By Oliver Bodmer, Senior Product Manager, SIX
We all have a fascination and desire to see into the future. Some days, particularly when markets are at their most volatile, it is nice to suspend belief for a moment and think how great it would be if the Back to the Future Delorean time machine could transport us into 2050 to see which assets we should be buying, to find out whether or not the energy transition is a success, or even to find out what the lay of the land around sanctions.

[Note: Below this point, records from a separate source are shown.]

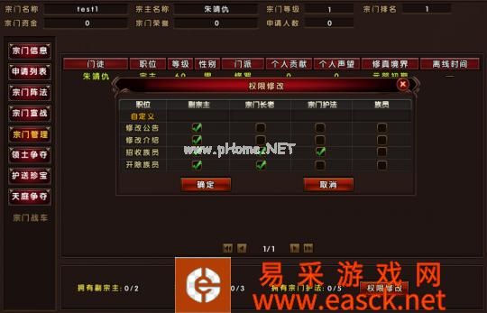 【尽忠职守 广招纳贤】 想让一个宗门走向强盛,首先需要广收成员。身为宗主必须尽一切可能邀请广大仙友加入自己的宗门。扩大宗门规模期间,也一定要管理好宗门各项事务呀。为了让宗主有忙里偷闲多打两只BOSS的时间。在宗门系统中,设立了副宗主、长老与护法的职位,宗主可以根据宗门实际情况安排职务。本着能者多劳、权限可控的目的,宗主可以设定不同职务的职能权限。但是为了宗门更好的发展,切勿做甩手掌柜哦!
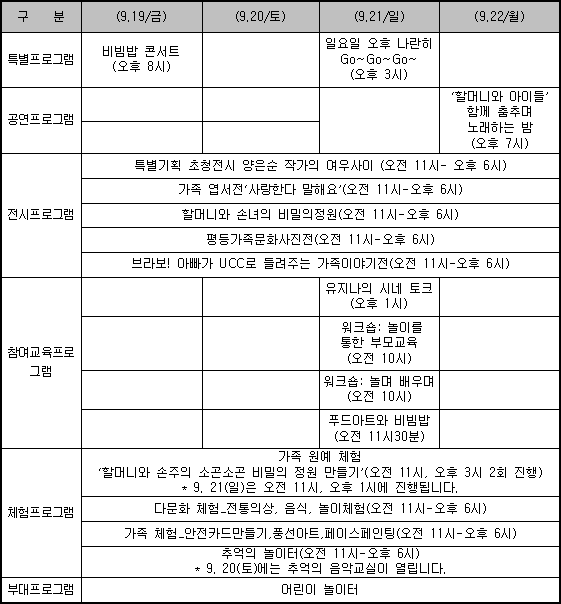 비빔밥 콘서트 등 다양한 공연, 전시, 체험, 참여 프로그램 풍성 세대를 뛰어 넘어 가족 구성원들이 활발하게 소통하는 세대 공감의 시간도 마련된다. 19일부터 21일까지 총 6회에 걸쳐 열리는 ‘할머니와 손주의 소곤소곤 비밀의 정원 만들기’는 가족이 함께 머리를 맞대 미니정원을 만들어 보는 체험의 시간으로, 3대가 함께하면서 민주적 가족관계를 생각해 보는 계기가 될 것으로 기대된다. 행사 마지막 날인 22일 저녁 7시부터는 65세 이상 할머니들이 손자, 손녀들에게 춤과 노래를 가르쳐 주는 ‘할머니와 아이들 : 함께 춤추며 노래하는 밤’도 열린다. 21일 오전 10시에는 가족 내 중심 관계라 할 수 있는 부모-자녀 세대가 놀이체험과 음악으로 서로의 마음을 읽어볼 수 있는 ‘부모·자녀 의사소통 워크숍’이 개최된다. 유아나 초등생 자녀가 있는 가족이 참여할 수 있으며 가족이 함께하는 맛있는 푸드아트도 즐길 수 있다. 영화를 통해 부부관계를 새롭게 돌아보는 이색 프로그램도 있다. 21일 오후 1시에 열리는 ‘유지나의 씨네토크 : 좋은家, 나쁜家, 행복한家’는 늘 함께하면서도 서로 돌아볼 수 없었던 부부나 예비 부부 등이 참여해 영화의 주요 장면들을 감상하며 솔직담백한 이야기를 나눠보는 시간. 특히 이날은 영화배우 권해효씨가 함께 출연해 영화와 가족에 대한 이야기를 소탈하게 나눌 예정이다. 모든 프로그램 무료, 인터넷 사전 신청 후 참여 가능 여자이야기 전시 ‘여.우.사.이 - 여성 우리 자신의 사랑과 삶의 이야기展’도 열려 이 시대 여성들의 삶에 관한 다양한 이야기를 펼쳐 놓는다. 서울여성플라자 1층 스페이스 봄에서 9월 18일부터 28일까지 열리는 양은순 작가전은 고부갈등, 엄마와 아내 역할 사이에서 복잡하게 얽힌 여성들의 삶과 사랑을 만화라는 즐거운 매체를 통해 표현한다. 여성들의 이야기가 만화를 통해 이루어진다면 아빠는 UCC로 말한다. ‘아빠가 UCC로 들려주는 가족이야기展’은 가족 안에서 남성으로 살아가는 우리시대 아버지들의 이야기를 담고 있다. 이번 전시는 UCC가 무엇인지도 몰랐지만 가족을 위해 용기를 내 UCC 정복에 나선 아버지들이 만들어 낸 가족이야기가 소박하게 펼쳐진다. 평등가족문화프로젝트의 모든 프로그램은 무료이며, 대부분의 행사는 인터넷 홈페이지(www.seoulwomen.or.kr/naranhi)를 통해 사전 신청 후 참여 가능하다. 또한 행사 진행을 지원할 자원활동가도 모집한다. 활동기간은 9월 19일~22일이며 공연 및 체험부스 운영, 행사장 안내 등 행사진행 전반을 함께한다. 문의 : 서울시 여성가족재단 문화홍보팀 (810-5054~5)
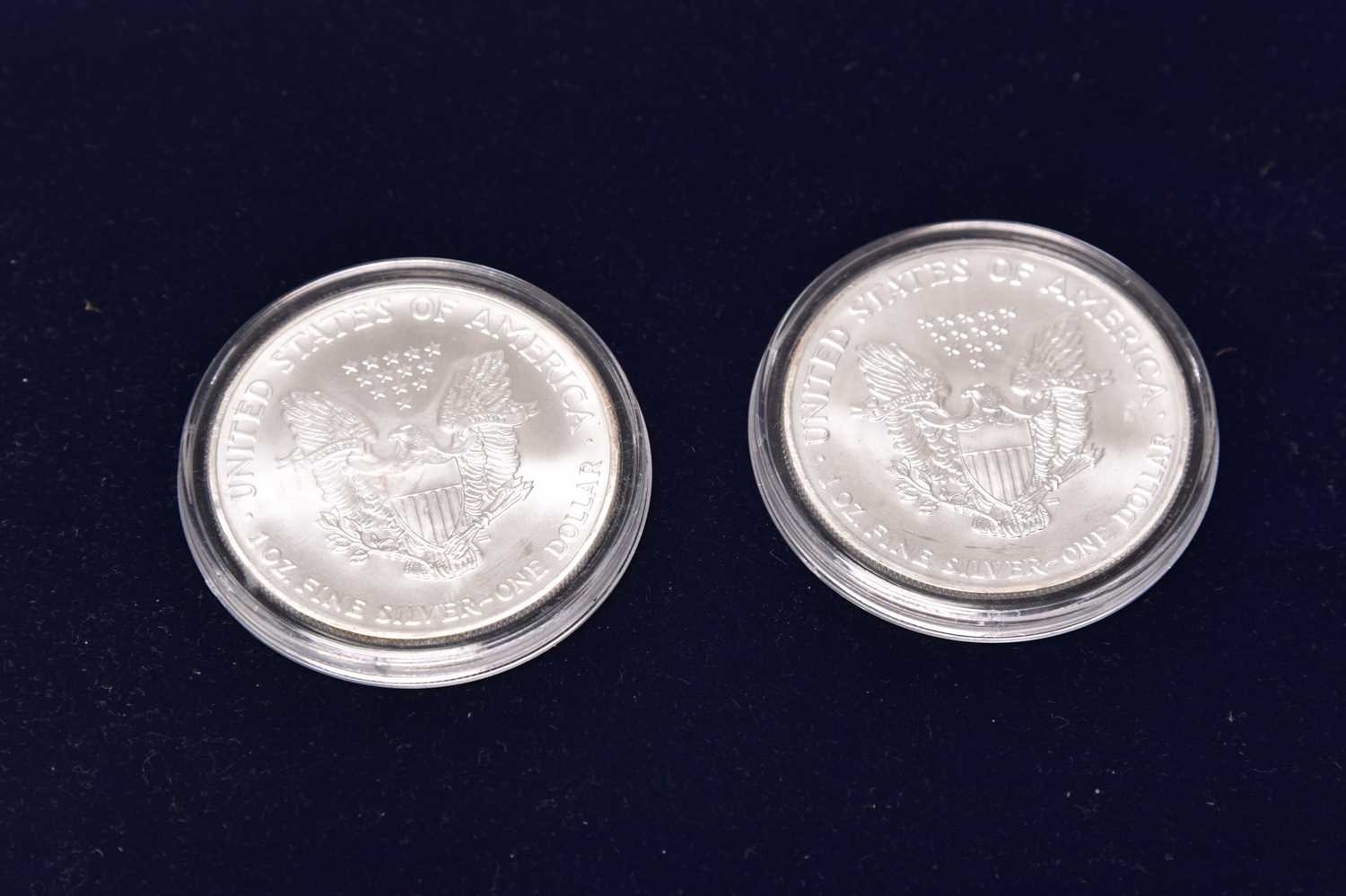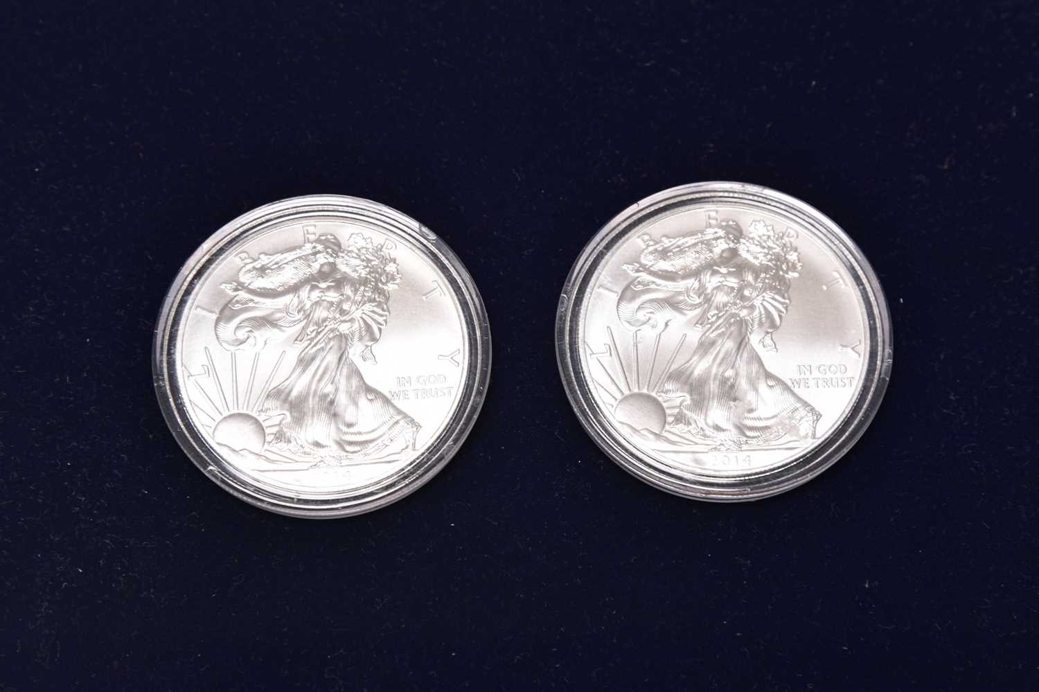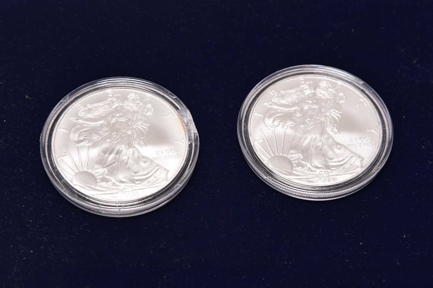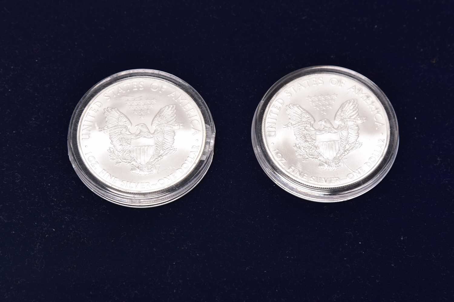 USA, six proof silver 1oz fine silver American Eagle silver dollars, dated 2007, 2008 and 2014, all within capsules (6)
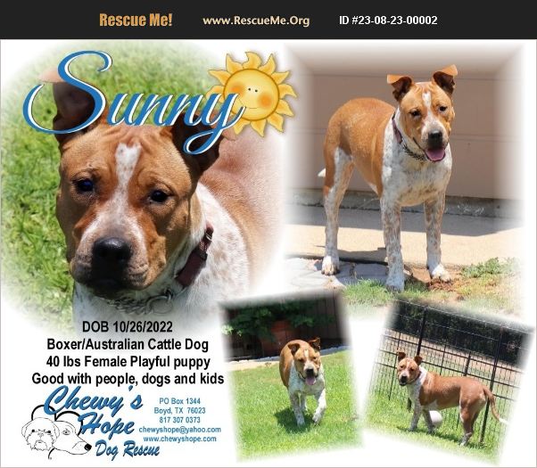 My name is Sunny. I was found abandoned in a creek bed with some issues due to poor nutrition. Chewy's Hope took one look at me and said 'we can fix that with good nutrition!' That's just what they did! I am all healthy now and can run and play with the other dogs. My foster mom says that I am so sweet & I like to be cuddled like a baby. I like to play with other dogs, and I also like those little humans, they're pretty fun to play with. If you're looking for someone to cuddle and give you kisses, I'm your girl!

Most of the time however, looking into the future is just wishful thinking. When it comes to sanctions, banks probably find themselves wishing the Delorean was non-fictional. Unfortunately, financial institutions live in the real world, as opposed to Hollywood. The reality of the real world is that they need to have good information and a strong compliance program that combines the data points that they buy from a vendor, with their internal compliance policy and risk appetite.
This is even more important today given the volume of sanctioned securities, companies and individuals affected) by geopolitical issues stretching regulatory teams whenever a swathe of new measures are introduced. As a result, for banks, compliance has become an even more complicated and resource-intensive endeavour over the past few months. Many of these newly imposed sanctions even allow wind down periods, either through so called “general licenses” or regulations allowing wind down periods to divestment.

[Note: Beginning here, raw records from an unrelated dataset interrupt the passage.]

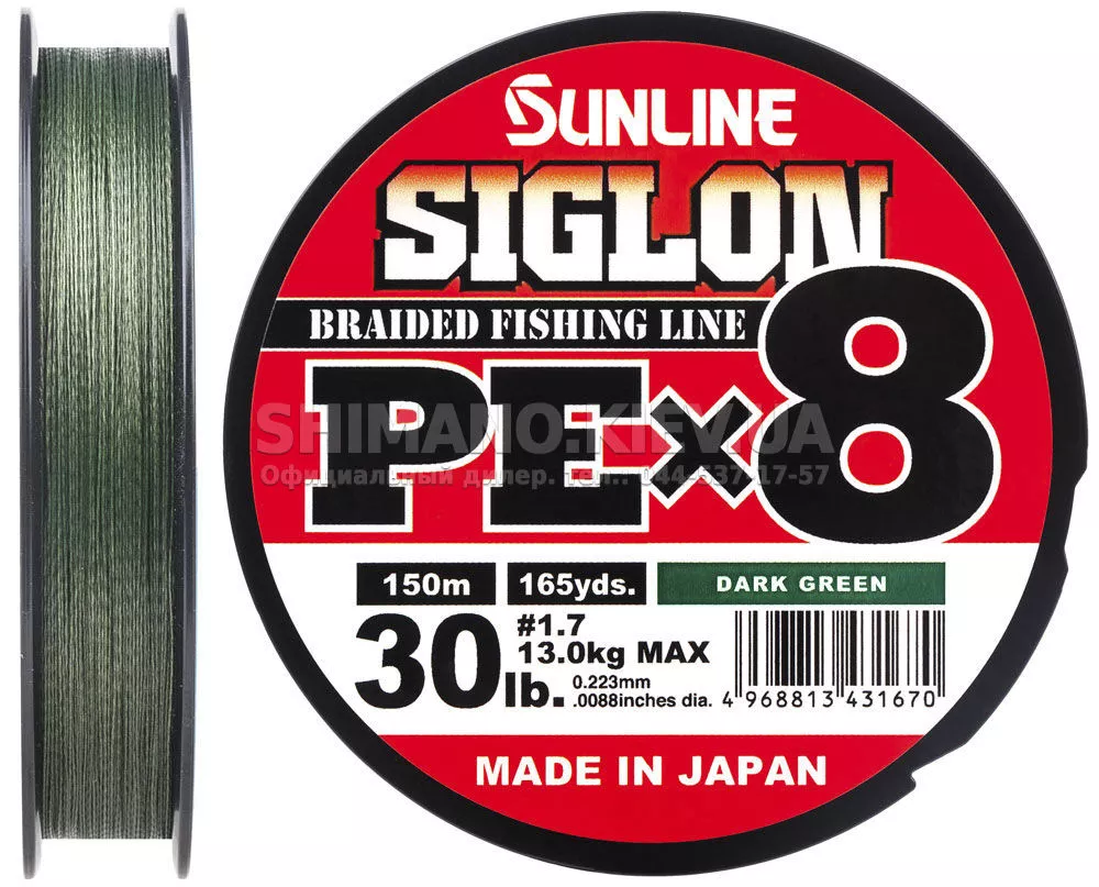 Шнур Sunline Siglon PE х8 150m (темн-зел.) #1.7/0.223mm 30lb/13.0kg
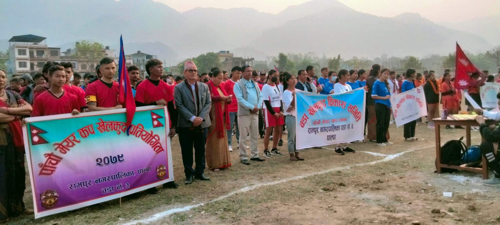 रामपुरमा पाँचौ मेयर कप २०७९ मंगलबार देखि शुरु भएको छ । मेयर कपको पाँचौ सिजनको खेल रामपुर नगरपालिकाको आयोजना र नगर खेलकुद विकास समिति रामपुर पाल्पाको संचालनमा रामपुर नगरपालिका ७ किसानबारीमा शुरु भएको हो ।
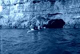 Children, enjoying Benagil, Portugal. Benagil Cave inside Algar de Benagil, famous sea cave in Algarve coast, Lagoa.

The challenge is that as maintaining compliance with current sanctions becomes an increasingly complex task. (Attempting to predict which securities may be affected by sanctions may seem like the sort of issue that can only be solved by a fictional time machine. But failing to keep an eye on the implications of unpredictable geopolitical events due to a lack of compliance team bandwidth will serve as no excuse when a bank is caught flat-footed in formulating its response to future restrictions.

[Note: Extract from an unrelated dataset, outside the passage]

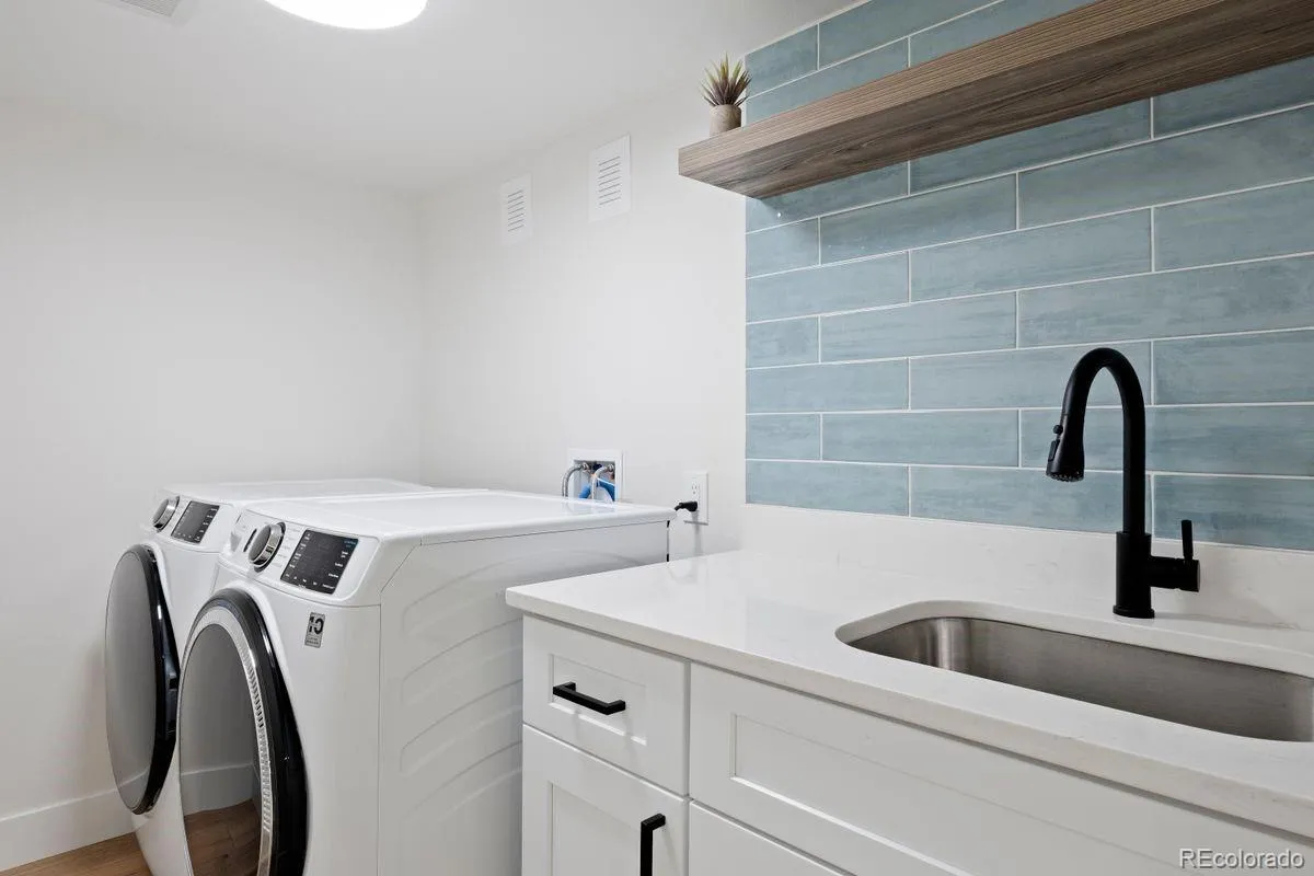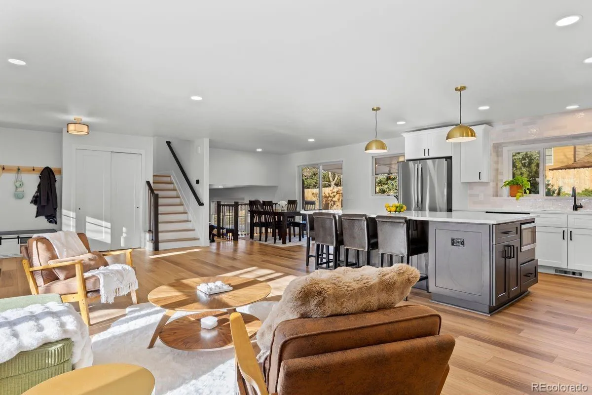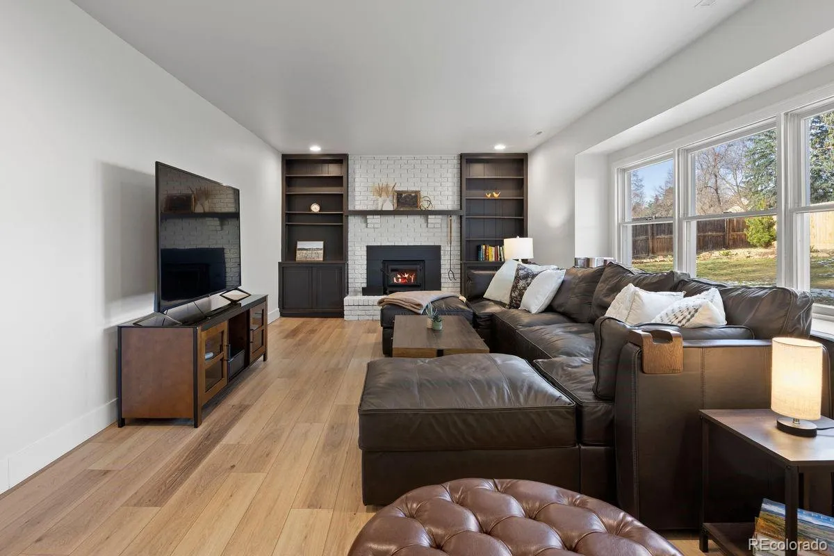 Tucked at the end of a quiet cul-de-sac in Orchard Gate (within the prestigious Cherry Creek School District), this home offers thoughtful updates, functional design, and move-in-ready peace of mind—just minutes from Cherry Creek State Park, DTC, and I-25. Inside, natural light pours through oversized windows, highlighting the updated interior with 5½-inch baseboards, modern lighting, and bold designer finishes throughout. The kitchen is bright and open with two-tone cabinetry, stainless appliances, open shelving, and a large island with waterfall edge and seating for five. A bay window and direct access to the covered patio create easy indoor/outdoor living. The lower-level living space is cozy and elevated, featuring a new EPA-compliant wood-burning stove, brick mantle, built-ins, and large windows overlooking a private, tree-filled yard. A custom mud area adds functionality, while updated bathrooms include quartz countertops, undermount sinks, and matte black fixtures. Upstairs, the primary suite offers a walk-in closet and spa-like bathroom with dual sinks, frameless glass shower, built-in bench, and sleek tile finishes. Additional bedrooms provide flexibility for guests or work-from-home needs, complete with newer carpet and thoughtful storage. The finished basement expands versatility with a rec space, conforming bedroom, full bathroom, and standout laundry room with designer tile, quartz counters, sink, and nearly new GE Energy Star washer and dryer (2025). Major systems are also new, including a new furnace and A/C (2025), offering comfort and long-term value. The fully fenced lot features mature trees, a covered patio, storage shed, and new fencing. An extra-wide driveway leads to an extended three-car garage with built-in shelving and backyard access. The west-facing orientation offers faster snow melt in winter—a true Colorado bonus. Polished, updated, and truly turnkey—this is a home where the big-ticket items are already done and life feels effortless.

For compliance departments, allowing them to get a head start on quantifying their risk levels by flagging which investments may be affected is of paramount importance. But it’s not as simple as that. For heads of compliance already facing risk-mitigation complexities, grappling with potentially sanctioned individuals adds a further layer of complications. Firms must take care to review their exposure to securities affected by the broader set of names to ensure preparedness in the face of potential upcoming action. The presence of the list means that, in order to avoid financial consequences and reputational damage, banks must be aware and ready for compliance well in advance of further sanctions that may be issued. This has now become the public’s expectation, and it means more work for compliance teams.
To deal with any new expectations concerning potentially sanctioned individuals, banks need to extend and strengthen the procedures they use for their current sanction’s compliance. Already, diligent financial institutions have safeguarded their businesses by ensuring their databases and processes complied with regulations well in advance of the recent sanctions, ensuring that they were aware of securities tied to the individuals named by governments.
Ensuring access to an all-encompassing database of every financial instrument potentially affected is critical for sanctions compliance. The universe of securities for which teams must now track beneficial ownership has been expanded. In many ways, the current environment around calls for more automation.
Fortunately, the resources are available for financial institutions to take this challenge and turn it into an opportunity. By effectively sourcing data and ensuring that they have streamlined and efficient procedures for tracking changes in the status of affected instruments, proactive banks can set themselves up to be a step ahead. In doing so, while they’ll will not possess the ability to look into the future, at least their sources will be available to act upon what they see.